Религиозные войны не прекращаются из-за того, что многие политики используют вражду между религиями для осуществления своих эгоистичных замыслов. Покоряясь интересам политики, религии отклоняются в сторону от своего пути и начинают колебаться, теряя видение своей изначальной цели — служить на благо мира. Задача всех религий — приблизить наступление мира на земле. Однако нам, к сожалению, приходится наблюдать, как они вместо этого лишь разжигают конфликты.

За кулисами этого зла скрываются махинации политиков, в которых замешаны деньги и власть. Ответственность любого лидера прежде всего состоит в том, чтобы сохранить мир. Однако лидеры зачастую поступают с точностью до наоборот и приводят наш мир к столкновениям и насилию.

Такие лидеры используют религии и национализм как прикрытие для своих эгоистичных амбиций. Пока отношение этих людей не изменится должным образом, страны и нации будут продолжать терять направление и пребывать в замешательстве. На самом деле ни религиозная вера, ни любовь к своей нации не несут в себе зла. Они бесценны, если направлены на построение единого всемирного сообщества людей. Однако если какая-то отдельная религия или этническая группа заявляет, что лишь она истинна, а все остальные достойны лишь презрения и всяческих нападок, такая религия и такая любовь к своей нации теряют всякую ценность.
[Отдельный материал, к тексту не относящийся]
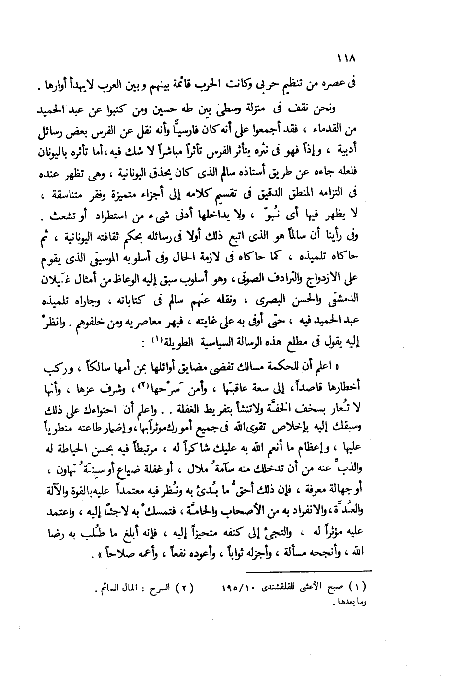 ونحن نقف في منزلة وسطى بين طه حسين، ومن كتبوا عن عبد الحميد من القدماء، فقد أجمعوا على أنه كان فارسيا، وأنه نقل عن الفرص بعض رسائل أدبية، وإذا فهو في نثره يتأثر الفرس تأثرا مباشرا لا شك فيه، أما تأثره باليونان فلعله جاءه عن طريق أستاذه سالم الذي كان يحذق اليونانية، وهي تظهر عنده في التزامه المنطق الدقيق في تقسيم كلامه إلى أجزاء متميزة وفقر متناسقة، لا يظهر فيها أي نبو، ولا يداخلها أدنى شيء من استطراد أو تشعث، وفي رأينا أن سالما هو الذي اتبع ذلك أولا في رسائله بحكم ثقافته اليونانية، ثم حاكاه تلميذه، كما حاكاه في لازمة الحال، وفي أسلوبه الموسيقي الذي يقوم على الازدواج والترادف الصوتي، وهو أسلوب سبق إليه الوعاظ من أمثال غيلان الدمشقي، والحسن البصري، ونقله عنهم سالم في كتاباته، وجاراه تلميذه عبد الحميد فيه، حتى أوفى به على غايته، فبهر معاصريه ومن خلفوهم، وانظر إليه يقول في مطلع هذه الرسالة السياسية الطويلة1: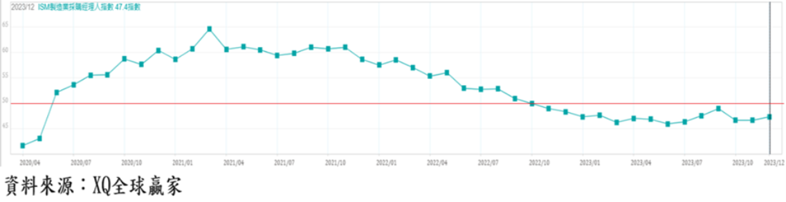 美國12月ISM製造業採購經理人指數自11月的46.7小幅上升至47.4,連續第14個月低於景氣擴張與收縮臨界點,顯示美國製造業景氣依舊處於收縮狀態。
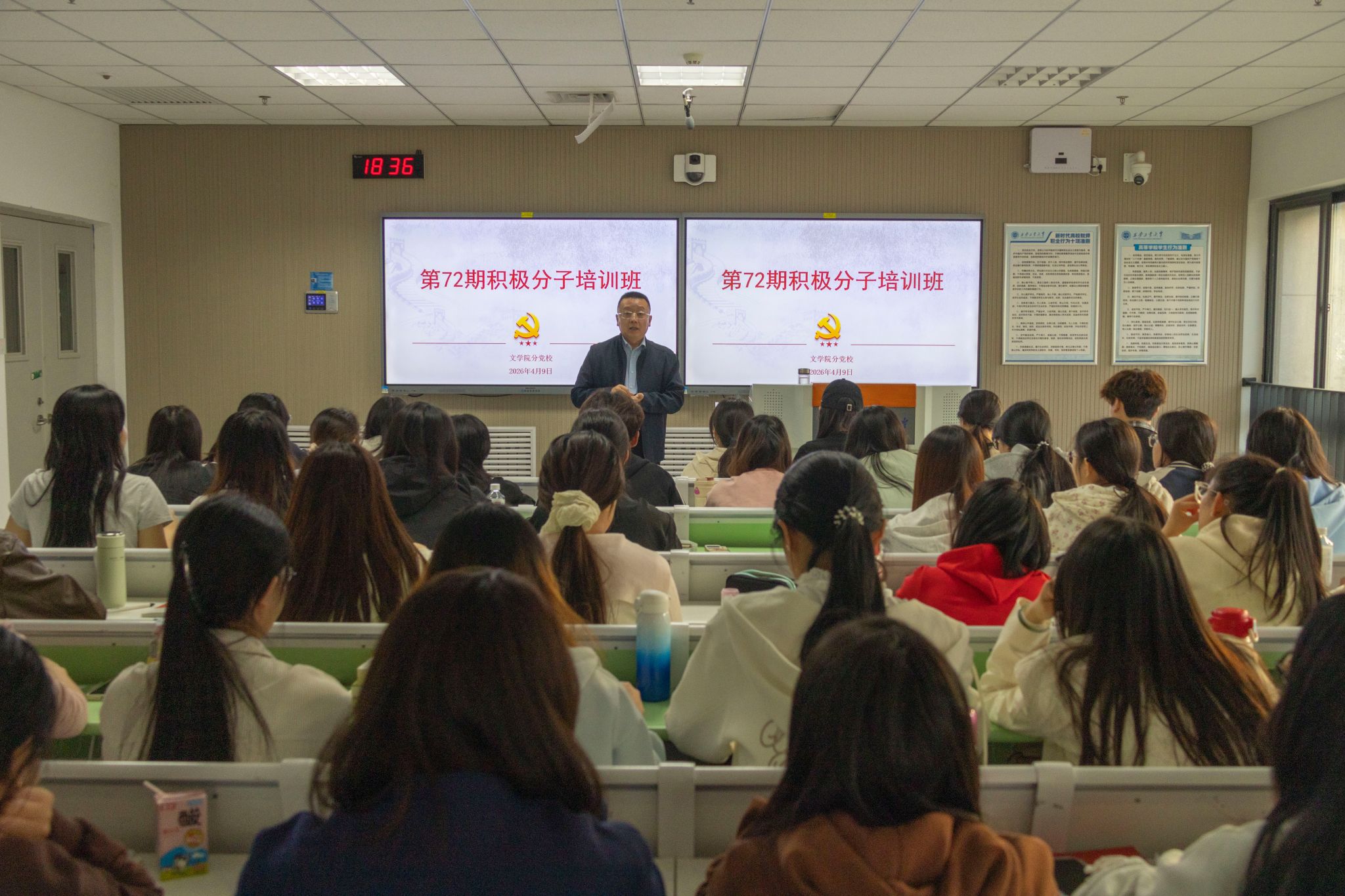 4月9日,校党委党校文学院分党校第72期入党积极分子培训班开班仪式在教9-222教室举办。学院党委书记姜冰清出席并讲授开班第一课。分党校班主任王嘉以及培训班全体学员参加。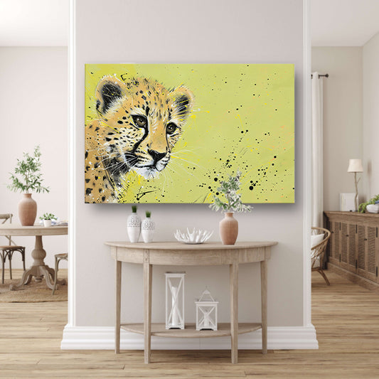 Realistisch schilderij van jonge cheeta canvas met baklijst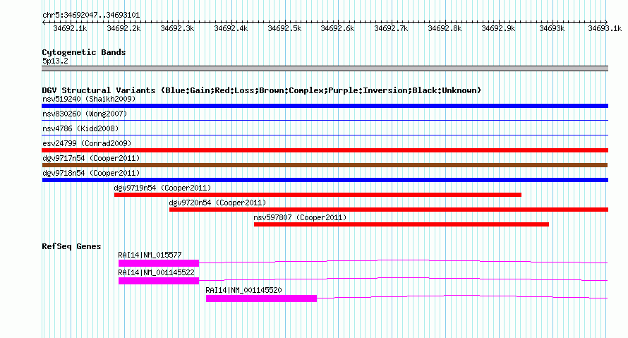 | | Variant Type | CNV gain+loss | | Copy Number | | | Allele State | | | Allele Origin | | | Probe Count | | | Validation Flag | | | Merged Status | M | | Merged Variants | | | Supporting Variants | nsv597803, nsv597800 | | Samples | | | Known Genes | RAI14 | | Method | SNP array | | Analysis | Illumina SNP array copy number analysis | | Platform | Not reported | | Comments | | | Reference | Cooper_et_al_2011 | | Pubmed ID | 21841781 | | Accession Number(s) | dgv9717n54
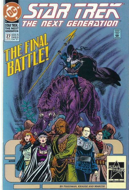 Part 3 of 3. Trapped on a bizarre world, Worf, Data, Troi and Okona find their lives in constant danger from mysterious death traps and the shield separating the Away Team from the Enterprise. Written by Michael Jan Friedman, with art by Peter Krause and Pablo Marcos. Cover by Jerome Moore. New Format. Cover price $1.75.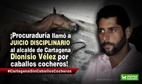 Bogotá D.C., Colombia - AnimaNaturalis celebra que la Procuraduría General de la Nación llame a juicio disciplinario al alcalde de Cartagena Dionisio Vélez, por el maltrato a los caballos cocheros. Esto se da semanas después de que el Grupo de Acciones Públicas de la Universidad Javeriana, abogados independientes y AnimaNaturalis Internacional radicaran una acción popular ante el Tribunal Administrativo de Cundinamarca.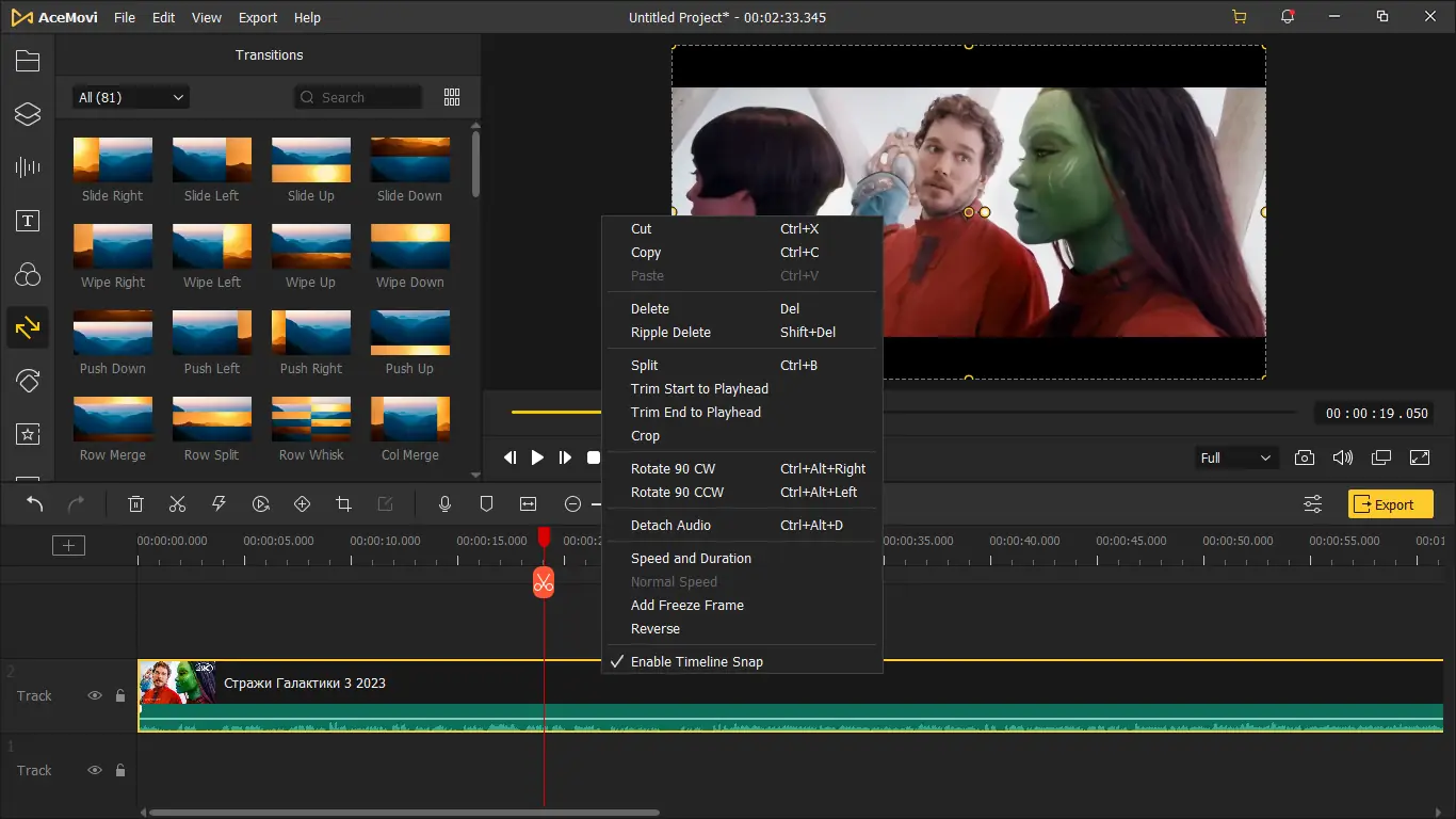 - Добавление и настраивание эффектов, фильтров и переходов для повышения привлекательности ролика.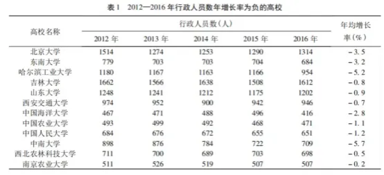 《现代大学治理体系视域下高校行政机构改革创新路径探究》一文中指出,通过对37所一流大学建设高校2012—2016年间行政人员数量的对比发现,约35%的高校行政人员数年增长率为负。这一数据充分表明,在这一时期,相当一部分中国高校已经敏锐地意识到行政人员规模优化的重要性,并采取了相应措施来控制行政人员数量的增长。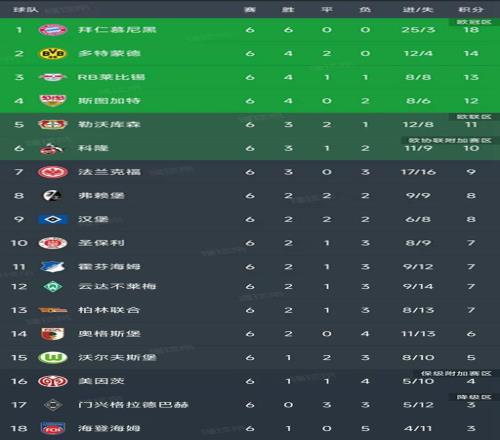 德甲第6轮所有比赛结束,最新积分榜如下!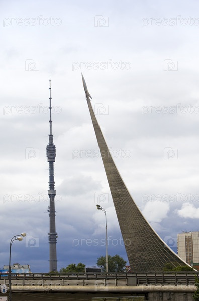 Стелла перед музеем космонавтики на фоне телевизионной башни в Москве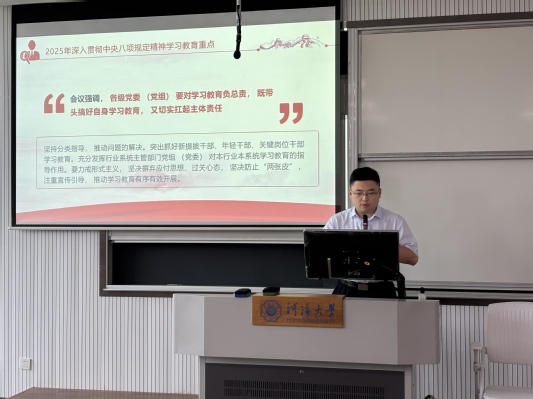 为深入贯彻中央八项规定精神,6月10日下午,william威廉亚洲官方副经理李祎恒副教授以“深入贯彻中央八项规定精神”为题讲授专题党课。常州校区员工党员和入党积极分子代表参加学习。

Если религия доходит до того, что втаптывает в грязь другие религии и относится к ним, как к жалким и ничтожным, такая религия перестает быть воплощением добра. То же справедливо и по отношению к любви к своей стране, если этим пользуются лишь для того, чтобы заявить о преимуществе своей родины над другими странами.

Вселенская истина заключается в том, что мы должны научиться принимать друг друга и оказывать друг другу помощь. Об этом знают даже самые маленькие зверушки. Хотя кошки и собаки не слишком-то ладят между собой, они будут вполне дружелюбны по отношению друг к другу и к чужому потомству, если их вырастить в одном доме. То же самое касается и растений. Лианы, ползущие вверх по стволам деревьев, целиком зависят от поддерживающих их стволов. Однако деревья не возмущаются: «Эй, ты чего это карабкаешься по моему стволу?» Принцип Вселенной гласит, что все должны жить вместе на благо друг друга. Каждого, кто нарушает этот принцип, рано или поздно ждет гибель. Если страны и религии не прекратят злонамеренные нападки друг на друга, человечество лишится будущего. Впереди нас будет ждать лишь порочный круг террора и борьбы, пока однажды люди не вымрут как вид. Но на самом деле не все так безнадежно. Безусловно, надежда есть!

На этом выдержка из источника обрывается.